I couldn't sleep last night, and not because my heart was full of fucking Christmas cheer. But because it was full of the complete opposite. Pain. My head kept replaying the events of last night, the loud and argumentative phone call with Paul. The way his voice would get louder and louder as he told me how stupid I was. The way he told me that I was no longer allowed to hang out with anyone that he doesn't approve of because he clearly couldn't trust me to make my own decisions. I would have argued back, I really wanted to tell him that he had no right to tell me what I can and can't do in my own life. I wanted to ask him who the fuck he thought he was and why he felt the need to control me this way. I also wanted to tell him that he could go fuck himself, and that I was going to hang out with whoever I wanted whether he knew or not.

But I didn't. I just stayed silent and let him take over my life completely. The only thing that was going through my head was Luke.

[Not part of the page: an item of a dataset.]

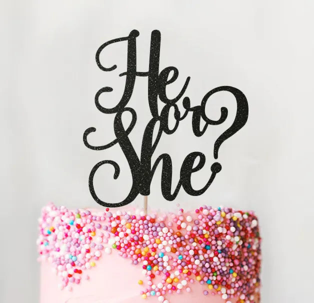 Pink gender reveal cake with a black glittery He or She topper and colorful sprinkles on the side.

This was all his fault. It's his fault that my life is now completely screwed, it's not even my own life anymore what am I talking about? I'm living it, but I no longer have any say in the choices that are made within it.

When I eventually managed to pull myself out of bed, I could hardly keep the fake smile plastered on my face whilst I was with my family. I didn't want to ruin their day, didn't want to burden their good time with my shitty problems. I knew what they would tell me anyway.

'You should leave him. We have never liked him. Why can't you just fuck him off already?'

That's all they ever said about Paul. Safe to say that they didn't like him, and they certainly wouldn't appreciate the way he was talking to me last night. If my older brother, David, was to find out the things he was saying to me, then he would absolutely lose it and I don't think I would be able to stop him. Or if I would even want to stop him anyway.

I know I fucked up with smoking weed, but was this all completely necessary? I had to go to Pauls later today to meet his family, and after everything that happened, that's the last thing I want to do today. But maybe it would be okay, maybe he would have calmed down and realised how unreasonable he was being and take it all back, maybe.